来  源:   DOI:10.1515/em-2023-0039   PDF(Pubmed)

Abstract:
UNASSIGNED: The addition of two-way interactions is a classic problem in statistics, and comes with the challenge of quadratically increasing dimension. We aim to a) devise an estimation method that can handle this challenge and b) to aid interpretation of the resulting model by developing computational tools for quantifying variable importance.
UNASSIGNED: Existing strategies typically overcome the dimensionality problem by only allowing interactions between relevant main effects.
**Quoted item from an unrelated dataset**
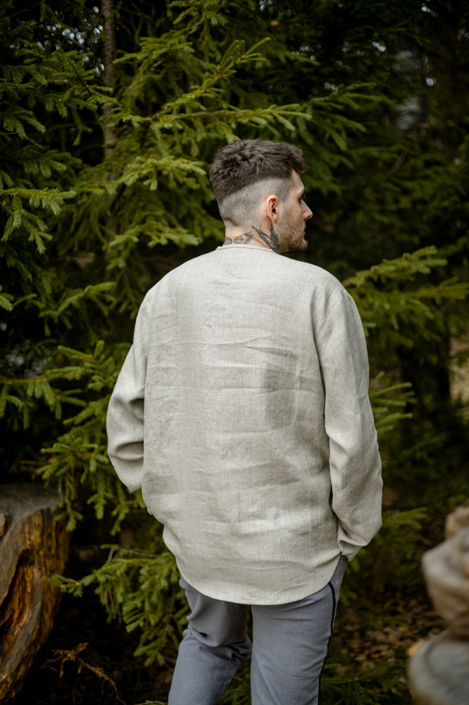 Tradičná pánska folklórna ľanová košeľa Krojove.sk s jemnou výšivkou v oblasti hrude.
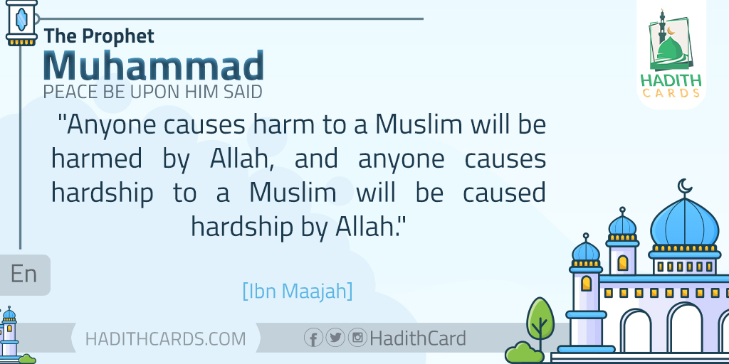 Anyone causes harm to a Muslim will be harmed by Allah, and anyone causes hardship to a Muslim will be caused hardship by Allah. [Ibn Maajah]

Building on this philosophy, and aiming for settings with moderate n to p ratio, we develop a local shrinkage model that links the shrinkage of interaction effects to the shrinkage of their corresponding main effects. In addition, we derive a new analytical formula for the Shapley value, which allows rapid assessment of individual-specific variable importance scores and their uncertainties.
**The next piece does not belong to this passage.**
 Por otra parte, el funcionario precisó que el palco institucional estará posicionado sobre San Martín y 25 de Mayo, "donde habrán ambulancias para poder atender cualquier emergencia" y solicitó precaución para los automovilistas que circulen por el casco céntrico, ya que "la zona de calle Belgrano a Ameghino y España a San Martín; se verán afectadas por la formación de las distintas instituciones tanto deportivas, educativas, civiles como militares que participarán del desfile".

UNASSIGNED: We empirically demonstrate that our approach provides accurate estimates of the model parameters and very competitive predictive accuracy. In our Bayesian framework, estimation inherently comes with inference, which facilitates variable selection. Comparisons with key competitors are provided. Large-scale cohort data are used to provide realistic illustrations and evaluations. The implementation of our method in RStan is relatively straightforward and flexible, allowing for adaptation to specific needs.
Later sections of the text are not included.